WORK TO BE COMPLETED: Leaving out the images, return the data below exactly as it is written.

INFORMATION PROVIDED:
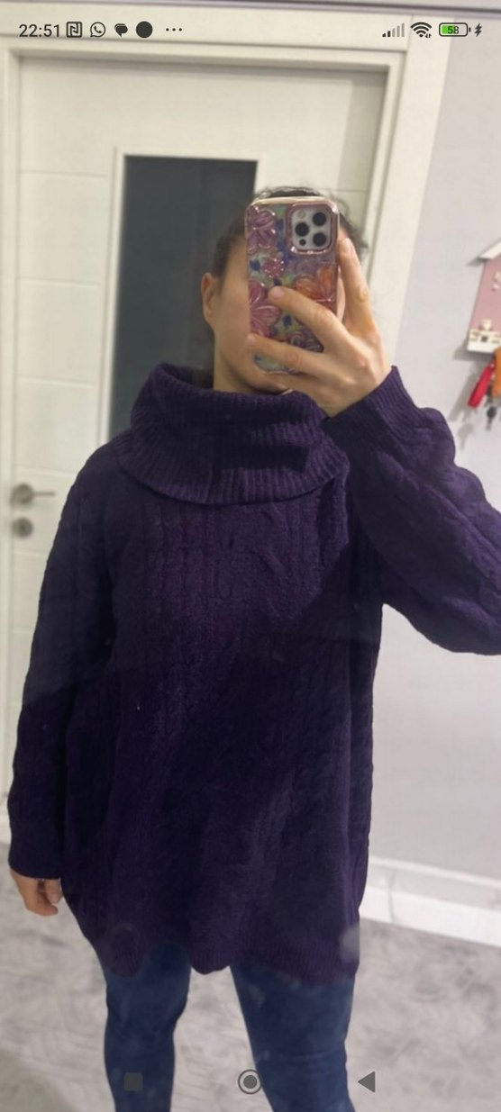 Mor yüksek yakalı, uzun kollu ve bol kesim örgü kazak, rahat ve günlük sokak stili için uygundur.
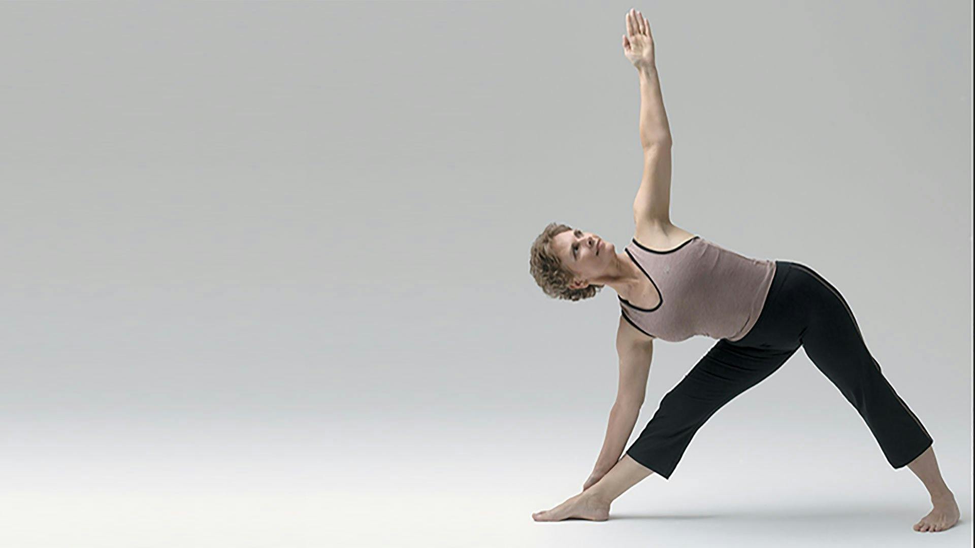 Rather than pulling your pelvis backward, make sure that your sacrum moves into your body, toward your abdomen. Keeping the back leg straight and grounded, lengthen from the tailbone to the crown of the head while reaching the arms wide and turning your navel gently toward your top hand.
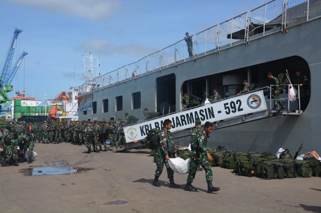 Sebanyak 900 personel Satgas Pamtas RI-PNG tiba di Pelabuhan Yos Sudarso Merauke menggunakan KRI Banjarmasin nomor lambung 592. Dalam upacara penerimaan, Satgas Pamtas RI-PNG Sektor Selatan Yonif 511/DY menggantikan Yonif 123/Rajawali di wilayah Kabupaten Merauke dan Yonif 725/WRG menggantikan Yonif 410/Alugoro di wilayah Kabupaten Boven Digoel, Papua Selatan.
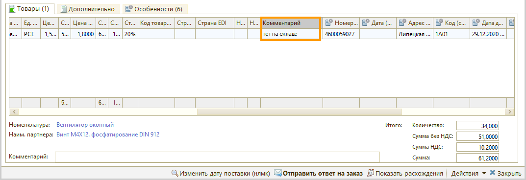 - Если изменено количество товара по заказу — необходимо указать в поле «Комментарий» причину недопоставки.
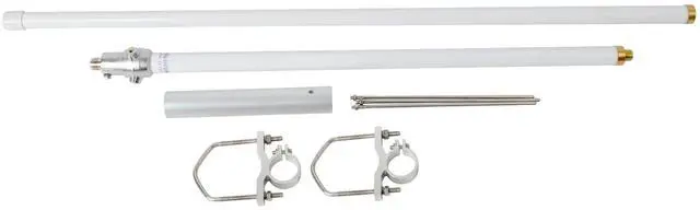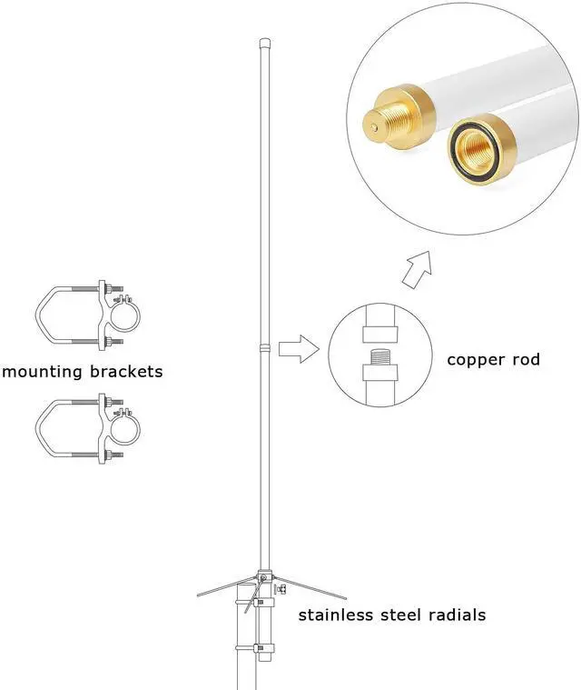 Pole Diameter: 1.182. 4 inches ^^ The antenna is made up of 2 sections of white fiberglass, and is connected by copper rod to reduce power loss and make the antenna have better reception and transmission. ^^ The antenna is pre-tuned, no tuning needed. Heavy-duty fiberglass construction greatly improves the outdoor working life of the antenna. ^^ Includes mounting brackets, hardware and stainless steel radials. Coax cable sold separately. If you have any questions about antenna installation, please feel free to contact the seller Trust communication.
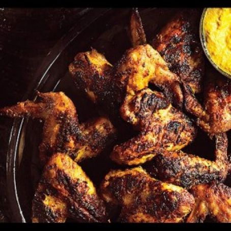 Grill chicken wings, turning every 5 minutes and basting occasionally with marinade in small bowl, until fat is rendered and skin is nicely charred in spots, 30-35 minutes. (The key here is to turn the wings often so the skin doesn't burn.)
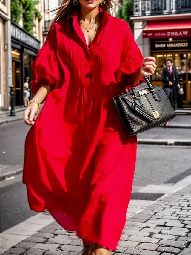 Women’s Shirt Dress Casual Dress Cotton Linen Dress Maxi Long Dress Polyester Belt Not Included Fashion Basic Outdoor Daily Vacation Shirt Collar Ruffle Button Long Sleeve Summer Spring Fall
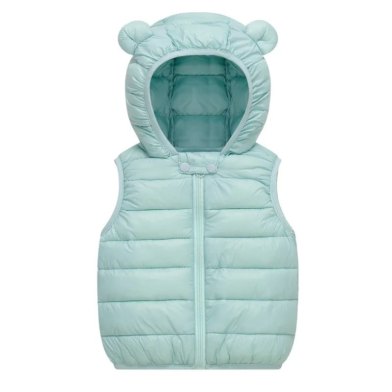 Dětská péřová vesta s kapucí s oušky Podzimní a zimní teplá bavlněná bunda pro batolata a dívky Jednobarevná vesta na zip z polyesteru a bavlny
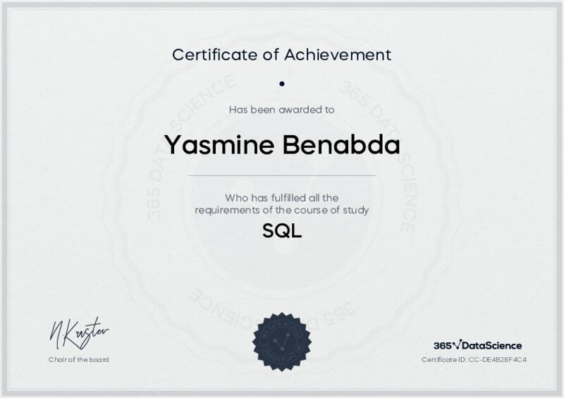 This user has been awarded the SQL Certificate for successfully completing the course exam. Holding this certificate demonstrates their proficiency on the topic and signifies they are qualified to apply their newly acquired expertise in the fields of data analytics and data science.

WRITTEN ANSWER:
 Mor yüksek yakalı, uzun kollu ve bol kesim örgü kazak, rahat ve günlük sokak stili için uygundur.
 Rather than pulling your pelvis backward, make sure that your sacrum moves into your body, toward your abdomen. Keeping the back leg straight and grounded, lengthen from the tailbone to the crown of the head while reaching the arms wide and turning your navel gently toward your top hand.
 Sebanyak 900 personel Satgas Pamtas RI-PNG tiba di Pelabuhan Yos Sudarso Merauke menggunakan KRI Banjarmasin nomor lambung 592. Dalam upacara penerimaan, Satgas Pamtas RI-PNG Sektor Selatan Yonif 511/DY menggantikan Yonif 123/Rajawali di wilayah Kabupaten Merauke dan Yonif 725/WRG menggantikan Yonif 410/Alugoro di wilayah Kabupaten Boven Digoel, Papua Selatan.
 - Если изменено количество товара по заказу — необходимо указать в поле «Комментарий» причину недопоставки.
 Pole Diameter: 1.182. 4 inches ^^ The antenna is made up of 2 sections of white fiberglass, and is connected by copper rod to reduce power loss and make the antenna have better reception and transmission. ^^ The antenna is pre-tuned, no tuning needed. Heavy-duty fiberglass construction greatly improves the outdoor working life of the antenna. ^^ Includes mounting brackets, hardware and stainless steel radials. Coax cable sold separately. If you have any questions about antenna installation, please feel free to contact the seller Trust communication.
 Grill chicken wings, turning every 5 minutes and basting occasionally with marinade in small bowl, until fat is rendered and skin is nicely charred in spots, 30-35 minutes. (The key here is to turn the wings often so the skin doesn't burn.)
 Women’s Shirt Dress Casual Dress Cotton Linen Dress Maxi Long Dress Polyester Belt Not Included Fashion Basic Outdoor Daily Vacation Shirt Collar Ruffle Button Long Sleeve Summer Spring Fall
 Dětská péřová vesta s kapucí s oušky Podzimní a zimní teplá bavlněná bunda pro batolata a dívky Jednobarevná vesta na zip z polyesteru a bavlny
 This user has been awarded the SQL Certificate for successfully completing the course exam. Holding this certificate demonstrates their proficiency on the topic and signifies they are qualified to apply their newly acquired expertise in the fields of data analytics and data science.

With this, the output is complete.